I've made some changes to the amprgw routing mechanism.
Replacing the earlier sequential search through the routing table with a binary search has significantly sped up lookups, which can happen up to twice per packet forwarded (once for source address, once for destination address).
Three times an hour, a background process fetches the encap routing table from the portal, and if it has changed, signals the router process to update its routing table. The routing table update seems to take about 3 msec during which packets can't be looked up and so are not forwarded.
This fetch also updates the data source for the rip sender, so you'll receive updates more quickly now. - Brian
On Mon, May 1, 2017 at 9:42 AM, Brian Kantor Brian@ucsd.edu wrote:
Three times an hour, a background process fetches the encap routing table from the portal, and if it has changed, signals the router process to update its routing table.

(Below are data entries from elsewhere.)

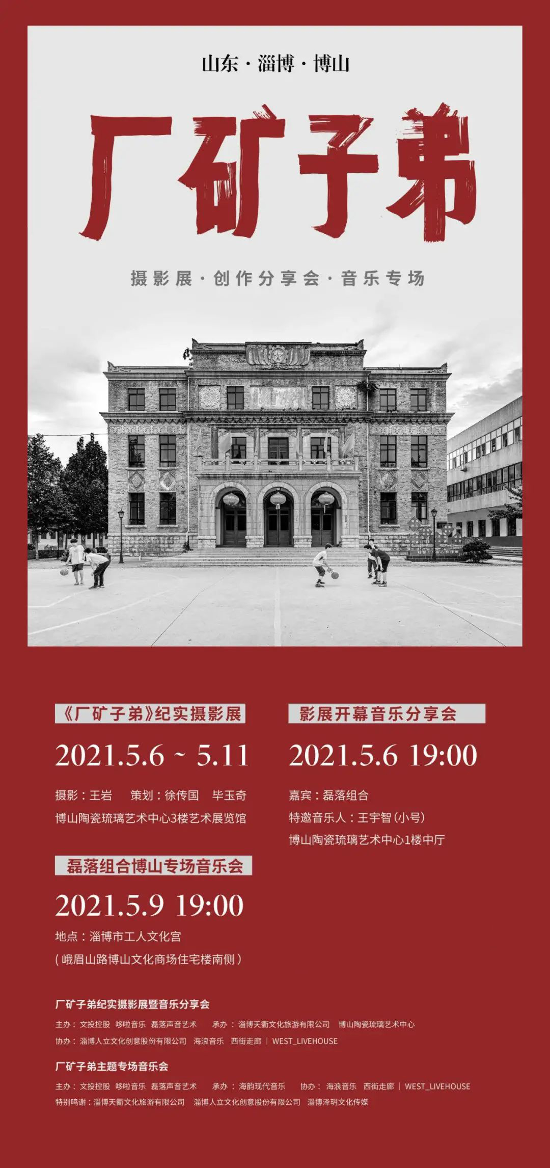 2021年5月6日到5月11日,北京哆啦音乐文化有限公司签约乐队磊落组合在山东博山开展为期6天的“厂矿子弟”公益影音系列活动,包含纪实摄影展、音乐分享会、音乐大师课和专场音乐会四部分内容。活动从“厂矿子弟博山纪实”影展开始,在淄博博山陶瓷琉璃艺术中心三楼举行。这场纪实摄影展,是同为厂矿子弟的王磊哥哥王岩拍摄的,影展的内容除了博山电机厂大院的老照片,以及社区身边的博山人民群像,还有几十年来王磊的生活轨迹。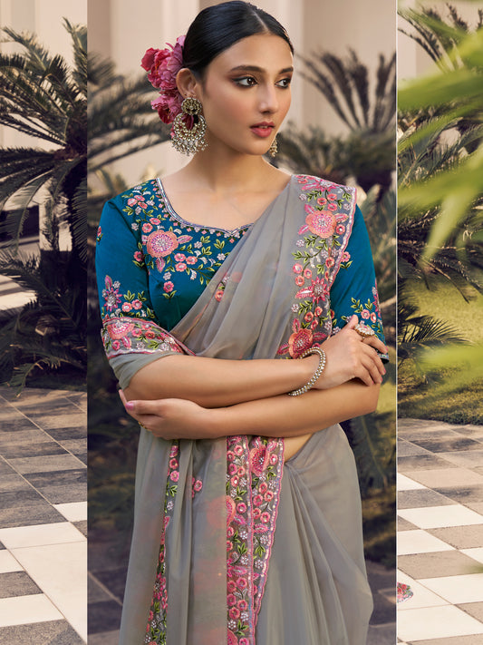 Embroidered Georgette Bridal Traditional Saree In Grey Color-81716
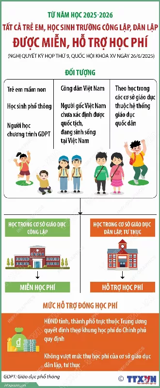 Từ năm học 2025-2026: Tất cả học sinh trường công lập, dân lập được miễn, hỗ trợ học phí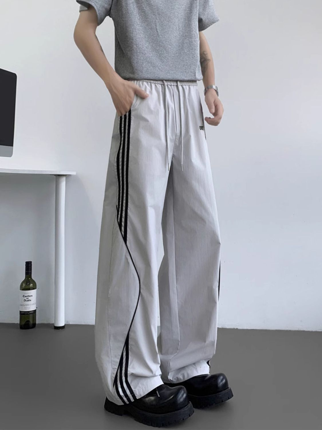 Men's Full Size Side Striped Wide Leg Pants Plus Size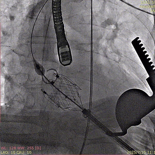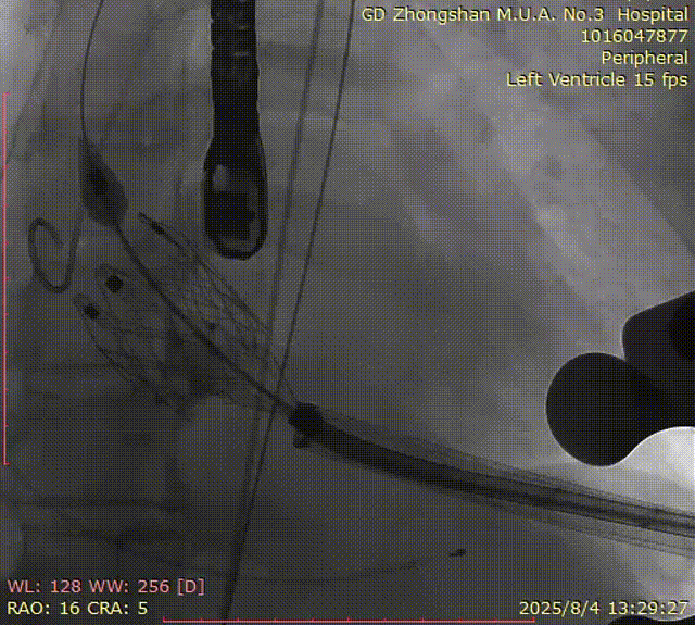 手术过程顺利,器械操作用时仅10分钟。术中通过造影确认右冠窦居中,定位件准确入窦,瓣膜释放顺利。经超声评估,无瓣周漏,手术过程衔接流畅,未出现其他特殊情况。

The routing table update seems to take about 3 msec during which packets can't be looked up and so are not forwarded.
When the table is updated, does it reload the whole table or touch only the changed routes?

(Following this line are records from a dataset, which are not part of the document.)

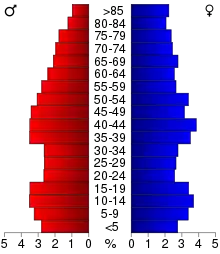 23.70% of the people are under the age of 18, 7.80% from 18 to 24, 25.10% from 25 to 44, 23.50% from 45 to 64, and 20.00% 65 or older. The median age was 41 years. For every 100 females there were 91.50 males. For every 100 females age 18 and over, there were 89.50 males.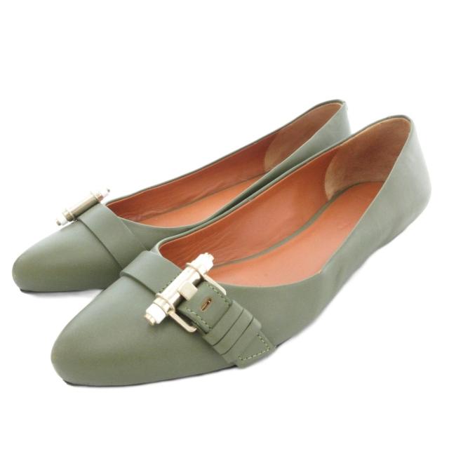 【中古】ジバンシィ GIVENCHY フラットシューズ バレエパンプス アーモンドトゥ レザー 革 バックル 37.5 緑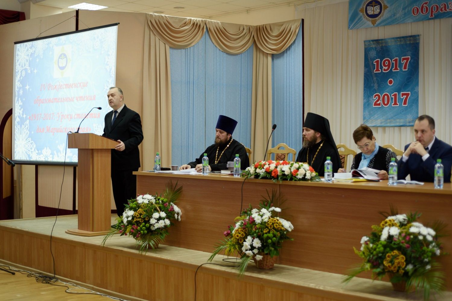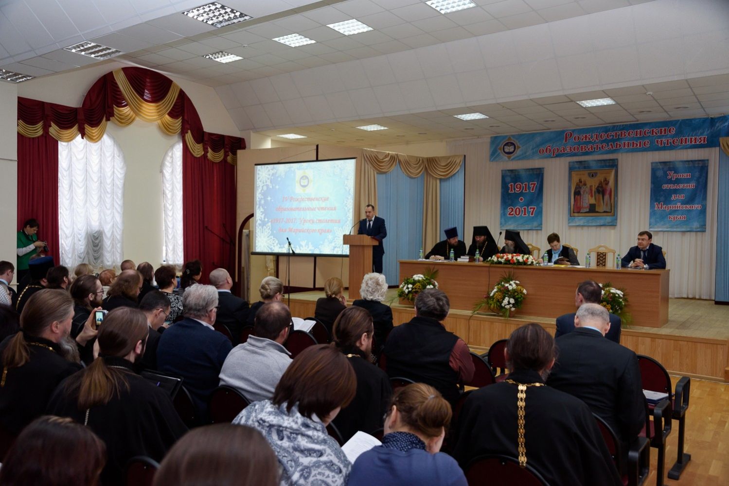 Сегодня в Православном центре Йошкар-Олы прошло пленарное заседание IV региональных Рождественских образовательных чтений по теме «1917–2017: Уроки столетия для марийского края». Уже в течение нескольких месяцев работа Чтений проводится по 10 направлениям в различных формах: круглые столы, выставки, творческие конкурсы, семинары и т.д.

Why is it limited to three times per hour? This seems arbitrarily long when the process itself only takes 3ms. It would be nice for those of us on dynamic IPs if the update frequency was 1 minute* or less. *1 minute is also an arbitrary number--the lower the better.

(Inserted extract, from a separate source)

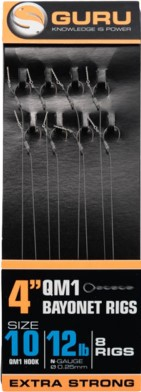 Monturile QM1 Bayonet Ready sunt opțiunea perfectă pentru pentru momeli de cârlig, cum ar fi wafters, boilies și pop-up. Montura QM1 are o baionetă Guru la capătul firului de păr. Acesta este destinat să fie împins în momeala aleasă de dvs. Include o bucată de micro-tub de silicon de 0,3 mm pe tijă, pentru a fixa momeala și pentru a vă asigura că montura funcționează perfect.
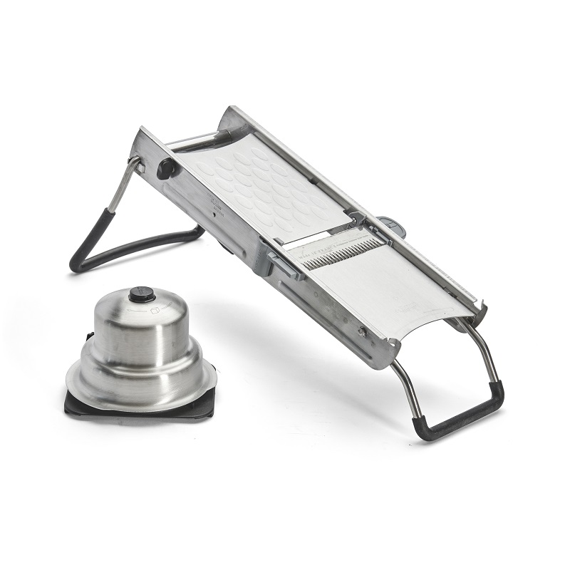 Мандолина De Buyer 2012.01 серии Revolution используется на предприятиях общественного питания, торговли и пищевых производствах для нарезки овощей, фруктов и других продуктов. Модель оснащена толкателем. Материал изделия - высококачественная нержавеющая сталь и полимерный материал.

Rather than (or in addition to) polling the encap table from the portal on a timer, the portal could offer an HTTP longpoll API (or various other push messaging protocols) so that address updates are near instantaneous.
Tom KD7LXL
On Mon, May 01, 2017 at 10:06:56AM -0700, Tom Hayward wrote:
When the table is updated, does it reload the whole table or touch only the changed routes?
It touches only the changed routes. New routes are added in place.
Why is it limited to three times per hour? This seems arbitrarily long when the process itself only takes 3ms. It would be nice for those of us on dynamic IPs if the update frequency was 1 minute* or less. *1 minute is also an arbitrary number--the lower the better.
To avoid loading the portal with FTP sessions. It takes around 10 to 15 seconds elapsed to download the file. - Brian
On Mon, May 1, 2017 at 10:21 AM, Brian Kantor Brian@ucsd.edu wrote:
Why is it limited to three times per hour? This seems arbitrarily long when the process itself only takes 3ms. It would be nice for those of us on dynamic IPs if the update frequency was 1 minute* or less. *1 minute is also an arbitrary number--the lower the better.
To avoid loading the portal with FTP sessions. It takes around 10 to 15 seconds elapsed to download the file.
That's not too bad. Sounds like you could run it in an infinite loop and get four updates per minute while creating a maximum of one FTP session on the portal. Something to consider.
Tom KD7LXL
Hadn't thought of that. Thanks for the idea. - Brian
On Mon, May 01, 2017 at 10:25:24AM -0700, Tom Hayward wrote:
To avoid loading the portal with FTP sessions. It takes around 10 to 15 seconds elapsed to download the file.
That's not too bad. Sounds like you could run it in an infinite loop and get four updates per minute while creating a maximum of one FTP session on the portal. Something to consider.
Sent from my iPhone
On 1 May 2017, at 18:06, Tom Hayward esarfl@gmail.com wrote:
(Please trim inclusions from previous messages) _______________________________________________
On Mon, May 1, 2017 at 9:42 AM, Brian Kantor Brian@ucsd.edu wrote:
Rather than (or in addition to) polling the encap table from the portal on a timer, the portal could offer an HTTP longpoll API (or various other push messaging protocols) so that address updates are near instantaneous.
I think this is a good idea, it wouldn't be difficult to come up with a push process that updates every time a gateway is edited. It would eliminate the quite costly FTP part of the current process. I will have a think about this and have a chat with Brian, see what can be done between the two machines.